Fue uno de esos instantes en los que el
tiempo se detuvo. La acción se congeló y se estancó. Solo de esta manera el
suceso esperado tuvo lugar. Millones de opciones, estadísticas y posibilidades
pasaron ante miles de ojos sin que nadie se diese cuenta. Las leyes de la
física se rompieron ante el poder de los milagros en el momento en que un
batallón de mariposas batió sus alas en algún lugar remoto para causar un
tsunami de felicidad en Sevilla y Gijón.
Y ganó el Sporting. Y ascendió el Sporting. Y
la estadística saltó por los aires mientras la probabilidad se hacía añicos y
la lógica miraba para otro lado. En un momento, un chico, un jugador del Lugo
desconocido por muchos, se alzó del suelo e impactó con la testa un balón. En
un instante miles de corazones latieron al unísono. Y fue hermoso porque no
podía ser de otra manera.
Porque esos mismos corazones acelerados venían
fatigados de años de angustias. No es lo mismo, o mejor dicho, no es ni
remotamente parecido, celebrar por costumbre que celebrar con el alma. Parece mentira
que un club más que centenario tenga tan poca experiencia en eso de levantar
los puños al cielo, llorando de alegría y riendo en libertad. Sin embargo el
Sporting es un equipo tradicionalmente acostumbrado a la derrota dolorosa, a la
lágrima del último minuto y a quedar en la orilla tras hartarse de remar. Somos
un equipo que ha vivido siempre en el alambre del minuto fatídico, de la
victoria por la mínima y del triunfo a través de la agonía.
Porque la historia del Sporting se llena de
minutos de oro que relucen entre las sombras. El cielo de Gijón retumbó cuando
un chico llamado Jaime puso de
rodillas a Van Basten y Gullit. El Bernabéu se nos quedó pequeño
el día que Miguel de las Cuevas alojó
un balón en la esquina de la meta de un campeón del mundo causando que un gran
canalla de corazón pequeño hincara la rodilla ante un paisano con un alma
insobornable. En Mestalla, un delantero histórico que recientemente lo ha
ganado todo como entrenador, metió al Sporting en Europa en una de esas finales
que se guardan en la memoria, permitiendo que un eterno portero suplente
llamado Emilio se convirtiese en
héroe en Belgrado al año siguiente.
Minuto a minuto. Golpe a golpe. Así se gesta
la historia de un equipo nacido para sufrir y predispuesto a soñar. Cuando las
victorias no son costumbre, parecen saber mejor. Cuando la grandeza se gesta
desde la miseria, las mieles de la victoria son un poco más dulces. Llega, por
fin, la hora de gozar, de gritar, de dejar que la gloria entre por la puerta
mientras el sufrimiento salta por la ventana.

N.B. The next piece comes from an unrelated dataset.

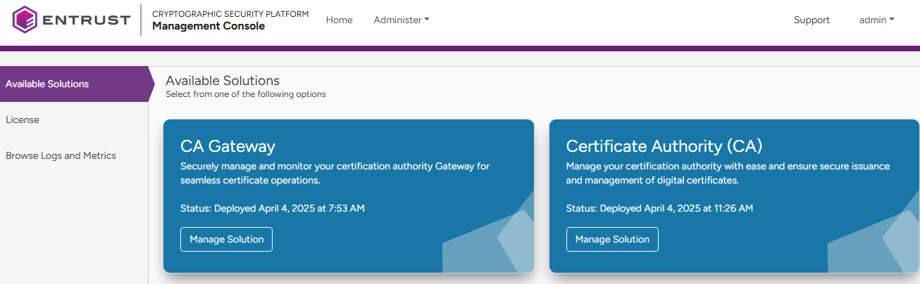 <machine>is the IP address or domain name of the machine hosting Cryptographic Security Platform.- Log in to the Management Console as a user belonging to a role with CA Gateway management permissions – for example, the initial

Pero ya es el momento. Es el momento de dejar
atrás los escasos minutos de luz. Ahora es la hora. La hora del Sporting. Toca
dar un paso adelante y apretar los dientes. Toca gestar algo grande y los
mimbres están. Aquí no hay respetables jornaleros del balón, no hay figuras del
balompié mundial, no hay futuros traspasos que llenarán portadas de diarios que
solo interesan a millones de personas. Solo hay guajes con hambre. Con un
hambre descomunal. Son un ejército cuya única arma es una entrega denodada a
unos colores y una constancia a prueba de sacrificios. Da igual que vengan de
la lejana Colombia, la cercana Extremadura, el Móstoles desconocido o el centro
de Ujo. Si les dejan, van a ir a por todas. Podrán perder, empatar y hasta
ganar. Si todo se hace bien podremos ver a Cuéllar
atajar a mano cambiada en el Calderón. Castro
meterá la punterina en Anoeta. Jony
quemará la banda de San Mamés. Luis
cruzará el Nou Camp con la fuerza de un ciclón e Isma le tirará un caño a la enésima estrella del Bernabéu mientras
enfila portería. Es tiempo de que los guajes sueñen y con sus sueños empujen la
ilusión de muchos. Porque perderán, sufrirán y maldecirán. La primera división
no hace prisioneros. El Sporting tampoco. Podemos estar ante el inicio de algo
grande, no ante el comienzo del enésimo viaje circular a la nada. Pero ahí
estamos, que no es fácil, y a partir de aquí comienza la ilusión.
Gracias guajes por haberme permitido perder
la cordura un hermoso domingo de junio.